_YOUR TASK_: The listing below is to be duplicated exactly, with every picture omitted.

_RECORDS TO USE_:

::::::::

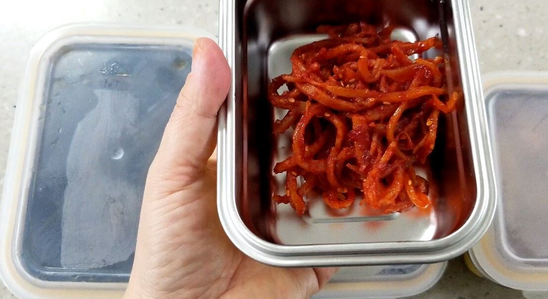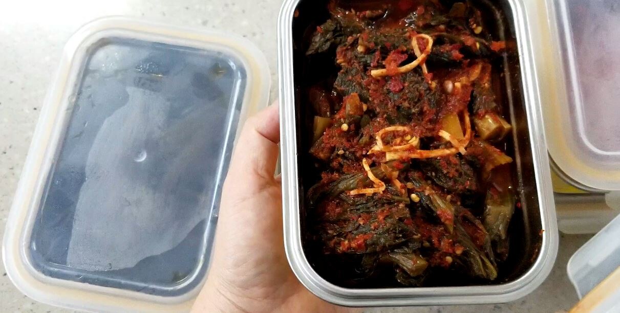 저는 주로 김치류(갓김치, 깻잎김치, 소량만 남은 배추김치)나 데울 필요 없는 빨간 양념이 된 밑반찬들을 보관하는데, 확실히 맛이 오랫동안 신선하게 유지되고 기대 이상으로 맛있어서 놀랐어요. 플라스틱에 담은 것보다 천천히 익고, 더 시원한 맛이 나요.
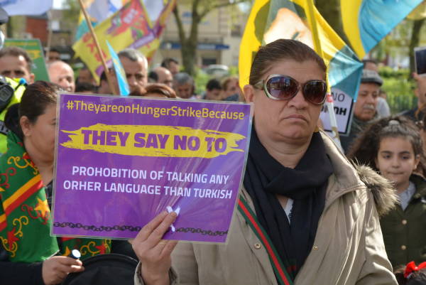 Mitingde YJK-E adına konuşan Delal Yaman, 2 aydan bu yana Türkiye cezaevlerinde tutsakların açlık grevinde olduğunu hatırlattı ve şunları ekledi: “Açlık grevinde olan yoldaşlarımızın ilk temel talebi Kürt Halk Önderi Abdullah Öcalan üzerindeki tecridin kaldırılması ve OHAL ile birlikte cezaevlerinde yaşayan hak ihlallerinin bir an önce son bulması için iki aydan bu yana açlık grevindeler. Biz Avrupa’da yaşayan Kürdistanlılar ve dostları olarak bu eylemi Avrupa kamuoyuna yansıtmak için eylem yapmalıyız” dedi.
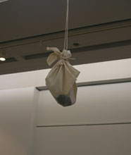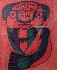 Overall, this year's Biennial offers fewer works of painting and sculpture than it does mixed-media works of a kind that could be described as "conceptualist" or perhaps "wannabe conceptualist." These days, around Latin America, especially in Mexico, a certain strain of what I call gimmick-driven, conceptualist or would-be conceptualist art-making is still very prevalent. Specifically, I'm referring to works whose one-trick plays on the meanings or values of certain appropriated objects or images - frying pans, baskets, cups and saucers, Q-tips, tortillas, supermarket shopping carts, newspaper photos, you name it - purport to provocatively subvert such meanings or values. Many such creations have little or no poetic or aesthetic resonance, however, and after a viewer "gets it" - the new meaning of a stack of dishes or an assemblage of dry tortillas or a familiar corporate or brand logo presented in an uncommon context - there is often little to go back and "get" again.
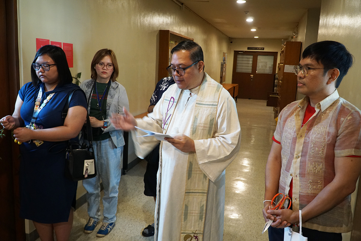 The mass was followed by a "ribbon cutting" ceremony where Fr Dy led the assembled crowd in a short prayer. In addition, LCSP director Dr Charlie Samuya Veric also gave some remarks on the opening of the office. He shared his dreams of making the space a productive and welcoming space for all, with the help of his colleagues Dr Oscar Campomanes; Ms Luisa Gomez, PLUME moderator; Ms Gabriela Martin; Dr Jocelyn Martin; Dr Vincenz Serrano; Mr. Francis Sollano, undergraduate and graduate coordinator; and Ms. Lovely Matore, the program secretary.
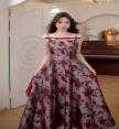 Dress ยาวตัวสวยทรงดี ตัวเดรสเลือกใช้ผ้าทอเนื้อสวยลายดอกกุหลาบสีสวยโดดเด่น
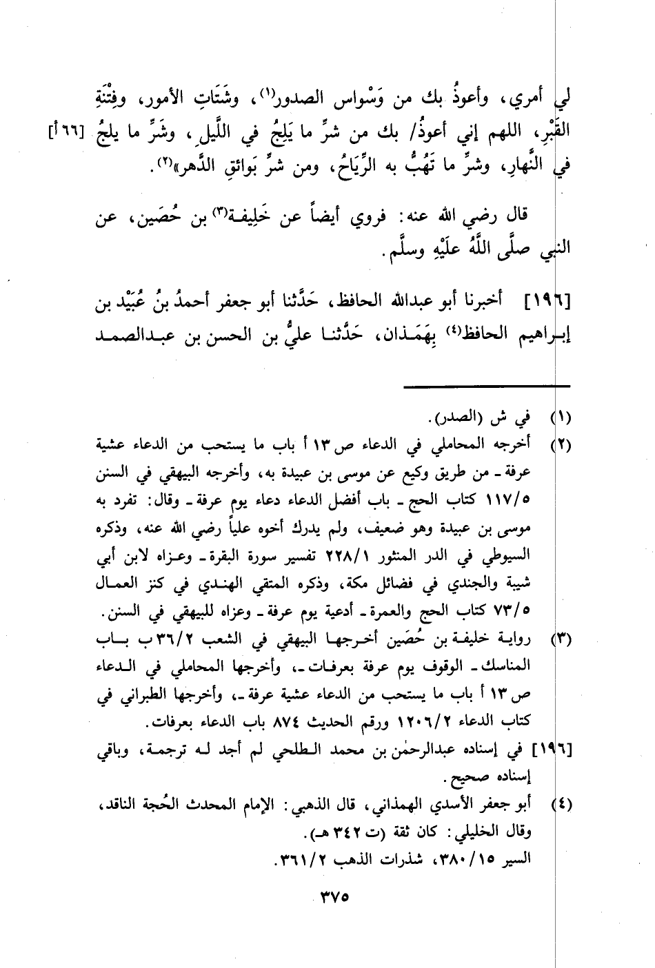 196 - أَخْبَرَنَا أَبُو عَبْدِ اللَّهِ الْحَافِظُ، حَدَّثَنَا أَبُو جَعْفَرٍ أَحْمَدُ بْنُ عُبَيْدِ بْنِ إِبْرَاهِيمَ الْحَافِظُ بِهَمَذَانَ، حَدَّثَنَا عَلِيُّ بْنُ الْحَسَنِ بْنِ عَبْدِ الصَّمَدِ -[376]- الطَّيَالِسِيُّ عَلَّانُ الْحَافِظُ حَدَّثَنَا أَبُو إِبْرَاهِيمَ التَّرْجُمَانِيُّ، حَدَّثَنَا عَبْدُ الرَّحْمَنِ بْنُ مُحَمَّدِ الطَّلْحِيُّ، حَدَّثَنَا عَبْدُ الرَّحْمَنِ بْنُ مُحَمَّدٍ الْمُحَارِبِيُّ، عَنْ مُحَمَّدِ بْنِ سُوقَةَ، عَنْ مُحَمَّدِ بْنِ الْمُنْكَدِرِ، عَنْ جَابِرِ بْنِ عَبْدِ اللَّهِ، قَالَ: قَالَ رَسُولُ اللَّهِ صَلَّى اللهُ عَلَيْهِ وَسَلَّمَ: " §مَا مِنْ مُسْلِمٍ يَقِفُ عَشِيَّةَ عَرَفَةَ بِالْمَوْقِفِ، فَيَسْتَقْبِلُ الْقِبْلَةَ بِوَجْهِهِ، ثُمَّ يَقُولُ: لَا إِلَهَ إِلَّا اللَّهُ وَحْدَهُ لَا شَرِيكَ لَهُ، لَهُ الْمُلْكُ وَلَهُ الْحَمْدُ، وَهُوَ عَلَى كُلِّ شَيْءٍ قَدِيرٌ مِائَةَ مَرَّةٍ ثُمَّ يَقْرَأَ قُلْ هُوَ اللَّهُ أَحَدٌ مِائَةَ مَرَّةٍ ثُمَّ يَقُولُ: اللَّهُمَّ صَلِّ عَلَى مُحَمَّدٍ وَعَلَى آلِ مُحَمَّدٍ كَمَا صَلَّيْتَ عَلَى إِبْرَاهِيمَ، وَآلِ إِبْرَاهِيمَ، إِنَّكَ حَمِيدٌ مَجِيدٌ، وَعَلَيْنَا مَعَهُمْ مِائَةَ مَرَّةٍ إِلَّا قَالَ اللَّهُ تَبَارَكَ وَتَعَالَى: يَا مَلَائِكَتِي مَا جَزَاءُ عَبْدِي هَذَا سَبَّحَنِي وَهَلَّلَنِي وَكَبَّرَنِي وَعَظَّمَنِي وَعَرَّفَنِي، وَأَثْنَى عَلَيَّ، وَصَلَّى عَلَى نَبِيِّي -[377]-، اشْهَدُوا مَلَائِكَتِي أَنِّي قَدْ غَفَرْتُ لَهُ وَشَفَّعْتُهُ فِي نَفْسِهِ، وَلَوْ سَأَلَنِي عَبْدِي هَذَا لَشَفَّعْتُهُ فِي أَهْلِ الْمَوْقِفِ كُلِّهِمْ " قَالَ: كَذَلِكَ قَالَ شَيْخُنَا عَبْدُ الرَّحْمَنِ بْنُ مُحَمَّدٍ الطَّلْحِيُّ، وَالصَّوَابُ عَبْدُ اللَّهِ
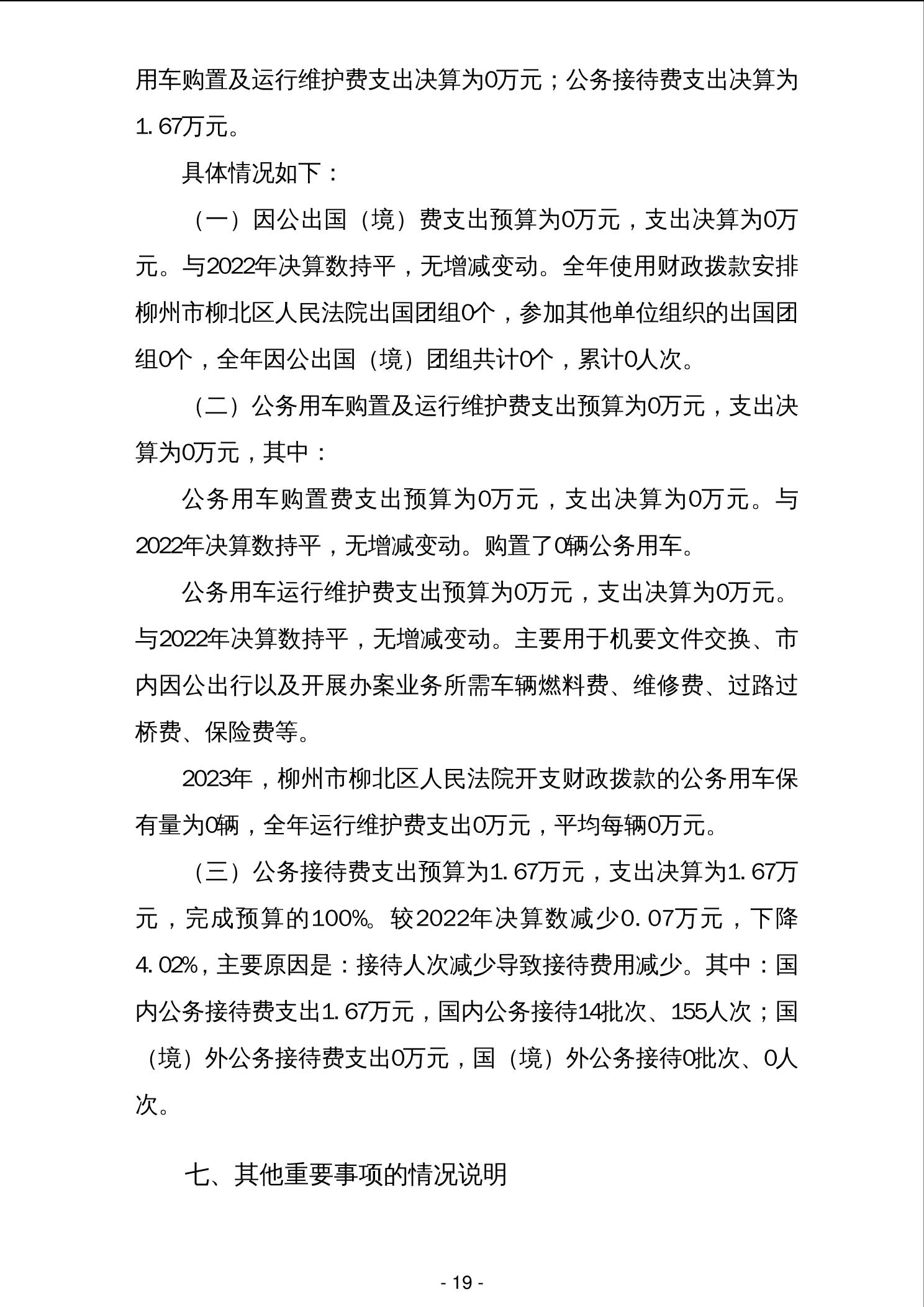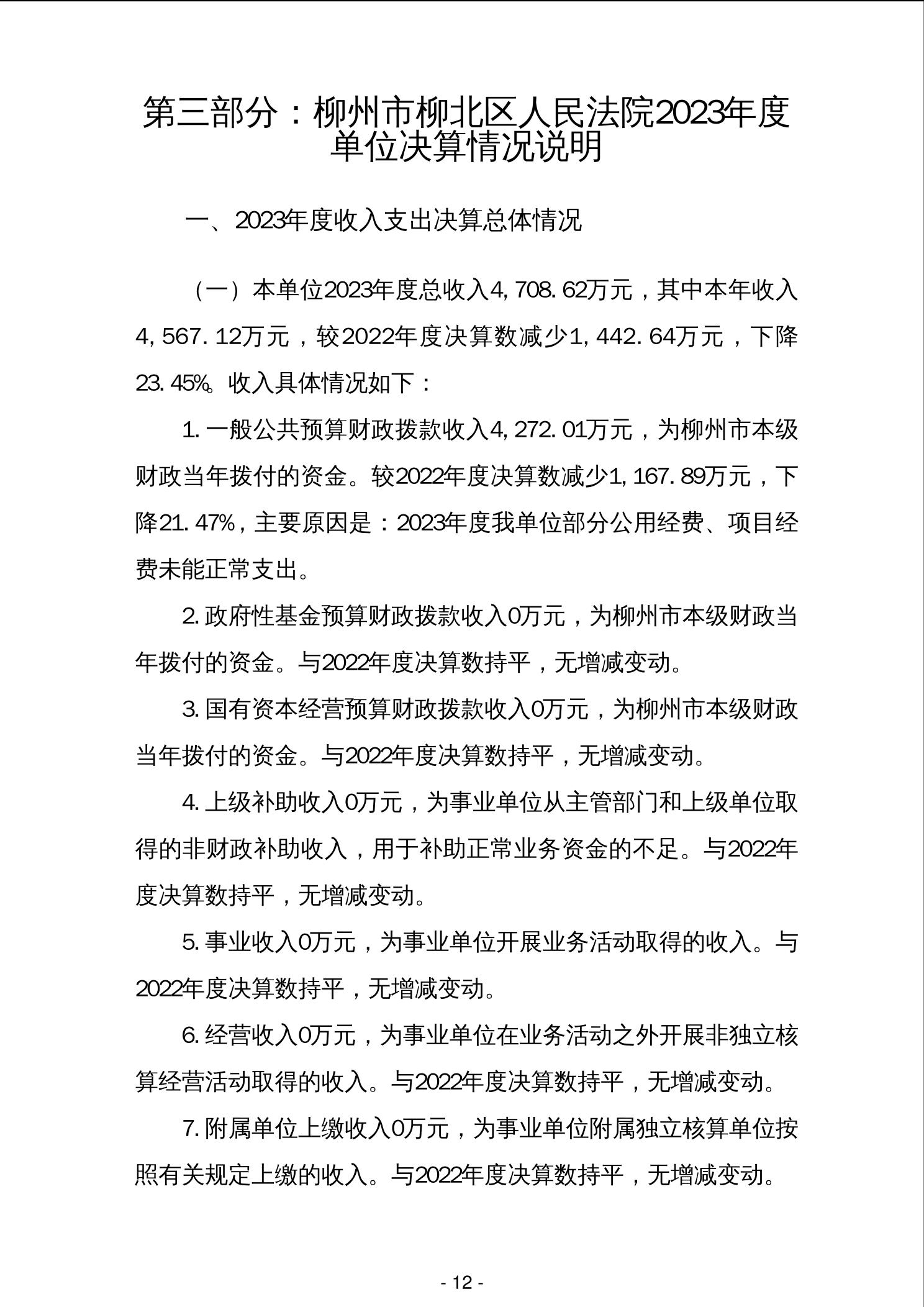 柳州市柳北区人民法院2023年度单位决算

::::::::

_EXERCISE RESPONSE_:
 저는 주로 김치류(갓김치, 깻잎김치, 소량만 남은 배추김치)나 데울 필요 없는 빨간 양념이 된 밑반찬들을 보관하는데, 확실히 맛이 오랫동안 신선하게 유지되고 기대 이상으로 맛있어서 놀랐어요. 플라스틱에 담은 것보다 천천히 익고, 더 시원한 맛이 나요.
 Mitingde YJK-E adına konuşan Delal Yaman, 2 aydan bu yana Türkiye cezaevlerinde tutsakların açlık grevinde olduğunu hatırlattı ve şunları ekledi: “Açlık grevinde olan yoldaşlarımızın ilk temel talebi Kürt Halk Önderi Abdullah Öcalan üzerindeki tecridin kaldırılması ve OHAL ile birlikte cezaevlerinde yaşayan hak ihlallerinin bir an önce son bulması için iki aydan bu yana açlık grevindeler. Biz Avrupa’da yaşayan Kürdistanlılar ve dostları olarak bu eylemi Avrupa kamuoyuna yansıtmak için eylem yapmalıyız” dedi.
 Overall, this year's Biennial offers fewer works of painting and sculpture than it does mixed-media works of a kind that could be described as "conceptualist" or perhaps "wannabe conceptualist." These days, around Latin America, especially in Mexico, a certain strain of what I call gimmick-driven, conceptualist or would-be conceptualist art-making is still very prevalent. Specifically, I'm referring to works whose one-trick plays on the meanings or values of certain appropriated objects or images - frying pans, baskets, cups and saucers, Q-tips, tortillas, supermarket shopping carts, newspaper photos, you name it - purport to provocatively subvert such meanings or values. Many such creations have little or no poetic or aesthetic resonance, however, and after a viewer "gets it" - the new meaning of a stack of dishes or an assemblage of dry tortillas or a familiar corporate or brand logo presented in an uncommon context - there is often little to go back and "get" again.
 The mass was followed by a "ribbon cutting" ceremony where Fr Dy led the assembled crowd in a short prayer. In addition, LCSP director Dr Charlie Samuya Veric also gave some remarks on the opening of the office. He shared his dreams of making the space a productive and welcoming space for all, with the help of his colleagues Dr Oscar Campomanes; Ms Luisa Gomez, PLUME moderator; Ms Gabriela Martin; Dr Jocelyn Martin; Dr Vincenz Serrano; Mr. Francis Sollano, undergraduate and graduate coordinator; and Ms. Lovely Matore, the program secretary.
 Dress ยาวตัวสวยทรงดี ตัวเดรสเลือกใช้ผ้าทอเนื้อสวยลายดอกกุหลาบสีสวยโดดเด่น
 196 - أَخْبَرَنَا أَبُو عَبْدِ اللَّهِ الْحَافِظُ، حَدَّثَنَا أَبُو جَعْفَرٍ أَحْمَدُ بْنُ عُبَيْدِ بْنِ إِبْرَاهِيمَ الْحَافِظُ بِهَمَذَانَ، حَدَّثَنَا عَلِيُّ بْنُ الْحَسَنِ بْنِ عَبْدِ الصَّمَدِ -[376]- الطَّيَالِسِيُّ عَلَّانُ الْحَافِظُ حَدَّثَنَا أَبُو إِبْرَاهِيمَ التَّرْجُمَانِيُّ، حَدَّثَنَا عَبْدُ الرَّحْمَنِ بْنُ مُحَمَّدِ الطَّلْحِيُّ، حَدَّثَنَا عَبْدُ الرَّحْمَنِ بْنُ مُحَمَّدٍ الْمُحَارِبِيُّ، عَنْ مُحَمَّدِ بْنِ سُوقَةَ، عَنْ مُحَمَّدِ بْنِ الْمُنْكَدِرِ، عَنْ جَابِرِ بْنِ عَبْدِ اللَّهِ، قَالَ: قَالَ رَسُولُ اللَّهِ صَلَّى اللهُ عَلَيْهِ وَسَلَّمَ: " §مَا مِنْ مُسْلِمٍ يَقِفُ عَشِيَّةَ عَرَفَةَ بِالْمَوْقِفِ، فَيَسْتَقْبِلُ الْقِبْلَةَ بِوَجْهِهِ، ثُمَّ يَقُولُ: لَا إِلَهَ إِلَّا اللَّهُ وَحْدَهُ لَا شَرِيكَ لَهُ، لَهُ الْمُلْكُ وَلَهُ الْحَمْدُ، وَهُوَ عَلَى كُلِّ شَيْءٍ قَدِيرٌ مِائَةَ مَرَّةٍ ثُمَّ يَقْرَأَ قُلْ هُوَ اللَّهُ أَحَدٌ مِائَةَ مَرَّةٍ ثُمَّ يَقُولُ: اللَّهُمَّ صَلِّ عَلَى مُحَمَّدٍ وَعَلَى آلِ مُحَمَّدٍ كَمَا صَلَّيْتَ عَلَى إِبْرَاهِيمَ، وَآلِ إِبْرَاهِيمَ، إِنَّكَ حَمِيدٌ مَجِيدٌ، وَعَلَيْنَا مَعَهُمْ مِائَةَ مَرَّةٍ إِلَّا قَالَ اللَّهُ تَبَارَكَ وَتَعَالَى: يَا مَلَائِكَتِي مَا جَزَاءُ عَبْدِي هَذَا سَبَّحَنِي وَهَلَّلَنِي وَكَبَّرَنِي وَعَظَّمَنِي وَعَرَّفَنِي، وَأَثْنَى عَلَيَّ، وَصَلَّى عَلَى نَبِيِّي -[377]-، اشْهَدُوا مَلَائِكَتِي أَنِّي قَدْ غَفَرْتُ لَهُ وَشَفَّعْتُهُ فِي نَفْسِهِ، وَلَوْ سَأَلَنِي عَبْدِي هَذَا لَشَفَّعْتُهُ فِي أَهْلِ الْمَوْقِفِ كُلِّهِمْ " قَالَ: كَذَلِكَ قَالَ شَيْخُنَا عَبْدُ الرَّحْمَنِ بْنُ مُحَمَّدٍ الطَّلْحِيُّ، وَالصَّوَابُ عَبْدُ اللَّهِ
 柳州市柳北区人民法院2023年度单位决算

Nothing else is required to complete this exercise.